E visto che le dopo le turbe geografiche al sottoscritto sono venute quelle di storia, ripercorriamola fino in fondo la carrellata dei piloti vincenti KTM. Come non ricordare quel Nani Roma infreddolito e in crisi di nervi che nel 2002 si accasciò piangente in un roccioso fuoripista tra le montagne della Mauritania? Si sarebbe poi riscattato, conquistando l’edizione 2004. Nel 2003 era stato invece l’indimenticato Richard Sainct, abile stratega e pilota riflessivo, a portare al successo la 660. E in questo ripercorrere alla rovescia i 18 successi di KTM, ecco che salta fuori il nome di Fabrizio Meoni, l’unico capace di dominare e portare al successo la maestosa Adventure 950 bicilindrica, nel 2002. Bissando il successo dell’anno precedente, conquistato sulla mono 660. Una vittoria che oggi agli occhi del mondo fa l’effetto di un paletto ancora irremovibile: 2001, l’anno in cui KTM iniziò a vincere la Dakar.

Tre italiani al traguardo

Meoni manca al mondo intero perché era un campione generoso e un grande uomo. E manca doppiamente a noi italiani. Dopo di lui non c’è più stato un azzurro in grado di vincere la grande maratona. Ci aveva fatto sperare Alessandro Botturi che al debutto nel 2012 colse un eclatante ottavo posto. La “pressa di Lumezzane” si era poi rivelato molto veloce, accarezzando posizioni da podio, ma per una ragione o per l’altra (cadute o rotture) non è più riuscito a finire la maratona. Quest’anno non ha partecipato, andando a vincere in compenso l’Africa Eco Race che si è corsa in concomitanza.

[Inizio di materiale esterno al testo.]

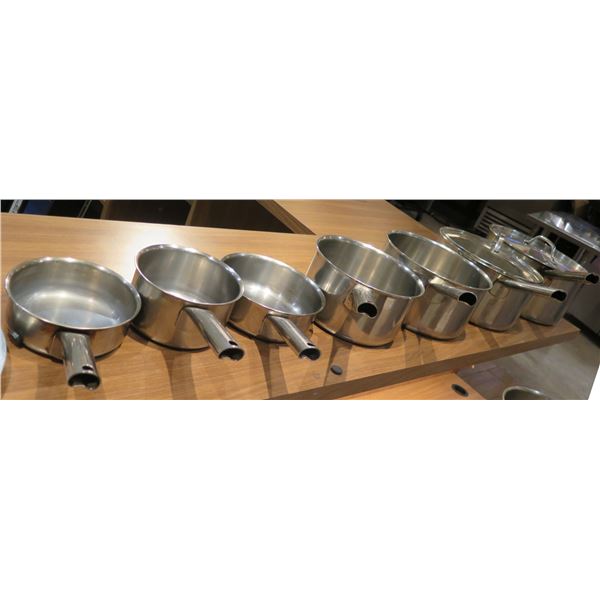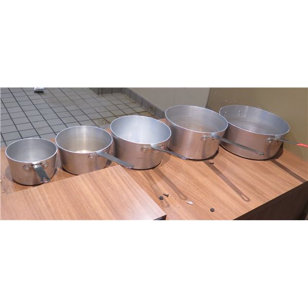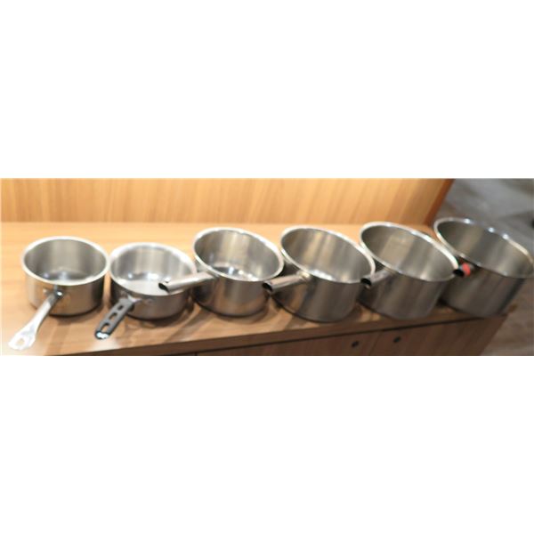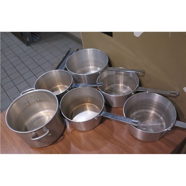 Qty 6 Large Thermalloy Sauce Pots w/ Handles, Misc Sizes

Ma torniamo alla Dakar. Jacopo Cerutti e Maurizio Gerini, entrambi sulle Husqvarna FR 450 Rally del team Solarys Racing, sono buoni piloti e attualmente possono anche ambire alla top ten, ma non alla vittoria. Cerutti, classe 1989, anche quest’anno stava andando bene, ma è stato costretto al ritiro dopo aver centrato un sasso: un pilota che gli passa troppo vicino, una nuvola di polvere che si alza, cinque secondi a visibilità zero, il masso che non si vede. Volo lunghissimo, moto in mille pezzi, per fortuna niente di grave al fisico. Gerini, classe 1985, ha invece concluso con un ottimo 14° posto finale, portando così al termine la sua seconda Dakar su due disputate.

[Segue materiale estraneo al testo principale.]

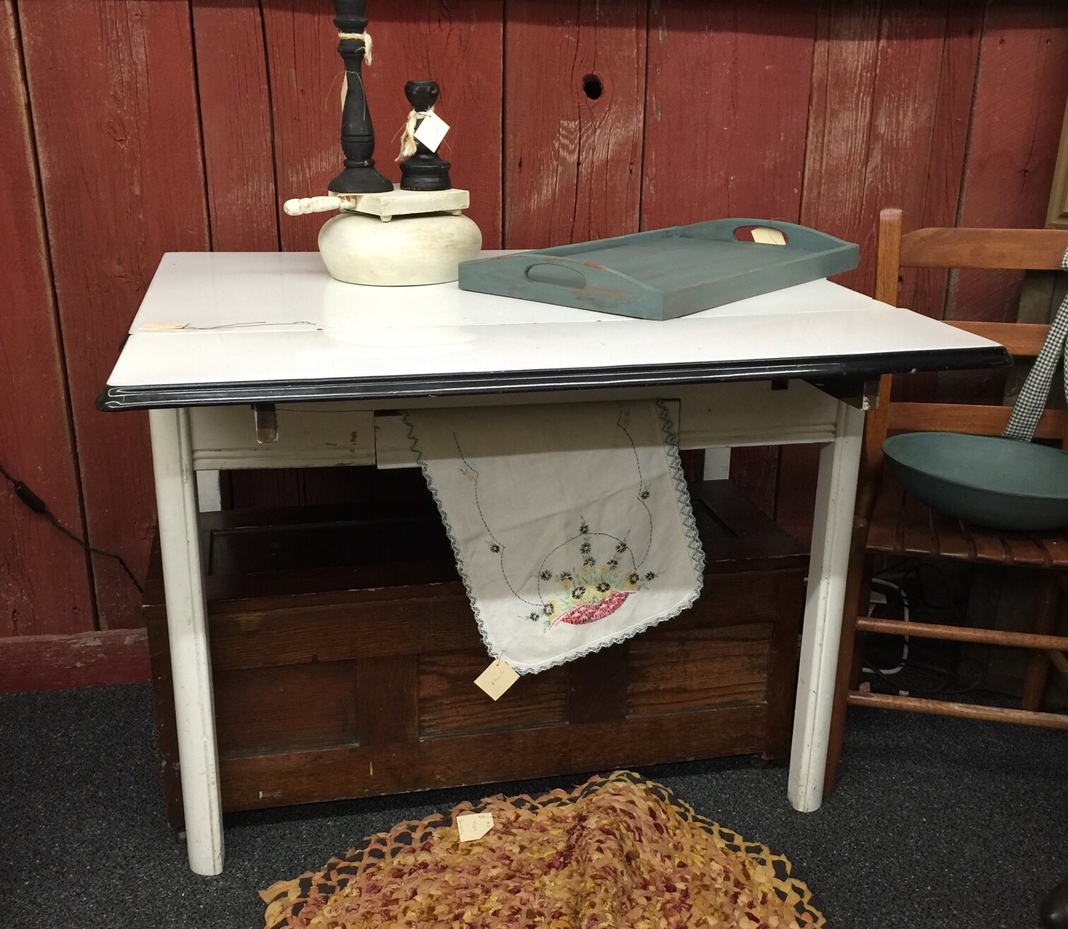 Yes, I know I have three enamel tables already. One has a machine on it where I do all my piecing, one holds my die cutter, and the third is employed as my desk. For as big as my sewing room is, my cutting table is my only free work space so I am constantly shifting things from place to place. So I have been looking for another of these tables. I wanted it to have wooden legs, not the commonly found metal legs, and it had to have leaves that worked well. In the picture above you can see the front leaf is pulled out. I really wanted one with red trim. But I might go back for this. Decisions, decisions.

Bravo Mirko Pavan, classe 1985, 54.mo. Segni particolari, è uno di quegli eroi che corrono senza assistenza. Che alla sera, al bivacco, si aggiustano la moto da soli. La loro Dakar è tutta in una cassa trasportata dall’organizzazione. Al traguardo anche Gabriele Minnelli, classe 1972, che corona il sogno dei tanti signor nessuno che come lui ogni anno ci provano. Che vorrebbero concludere una Dakar a tutti i costi. Lui ce l’ha fatta, 73° su 75 all’arrivo.

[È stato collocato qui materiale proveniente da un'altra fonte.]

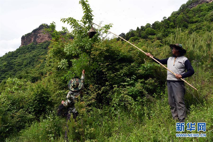 5月10日,在甘肅省隴南市徽縣大河店鎮(zhèn)硬灣村,蜂農(nóng)周仲頤(右)在收蜂。 甘肅省隴南市徽縣大河店鎮(zhèn)硬灣村位于秦巴山區(qū)深處,2017年,在當(dāng)?shù)卣姆龀窒?,龍崖老巢蜜養(yǎng)殖農(nóng)民專(zhuān)業(yè)合作社成立,蜂農(nóng)們將傳統(tǒng)養(yǎng)蜂技藝和現(xiàn)代加工方式相結(jié)合,并通過(guò)電商等渠道打開(kāi)銷(xiāo)路,有效帶動(dòng)了當(dāng)?shù)刎毨Т迕衩撠氈赂弧D壳罢麄€(gè)合作社共有蜂箱2000余個(gè),每箱每年可帶來(lái)三四千元的收入。 新華社記者 馬寧 攝

Ci stavamo esaltando anche per Nicola Dutto, uno che da sempre ama la polvere dei deserti. Da quando camminava con le sue gambe e andava a correre le famose Baja in Messico. Continuando anche poi da paraplegico, dopo un incidente in gara, risalendo la china e sfidando l’impossibile: tornare a gareggiare in moto, senza l’uso degli arti inferiori. Sottoponendosi ad allenamenti tremendi per rafforzare la parte superiore del corpo, imparando a sopportare gli atroci colpi che l’off-road impone a chi non si può alzare in piedi sulle pedane, circondandosi di una squadra di piloti in gara capaci di rialzarlo e sorreggerlo nei momenti di sosta sulla sua KTM 450 dotata di una speciale gabbia di protezione laterale. Dopo tre tappe concluse con onore, Nicola stava dimostrando che l’impossibile era diventato possibile. Poi l’estromissione dalla gara per una ferrea decisione degli organizzatori, nonostante - come dichiara a caldo Nicola in un accorato video che ha fatto il giro del mondo - avesse avuto l’ok dai commissari di percorso per saltare un waypoint come concesso dal regolamento. L'ipotesi è che ci sia stato un malinteso tra i componenti stessi dell’organizzazione. Anche se fosse arrivato ultimo, saremmo stati lì a tifarlo come uno che si gioca la vittoria.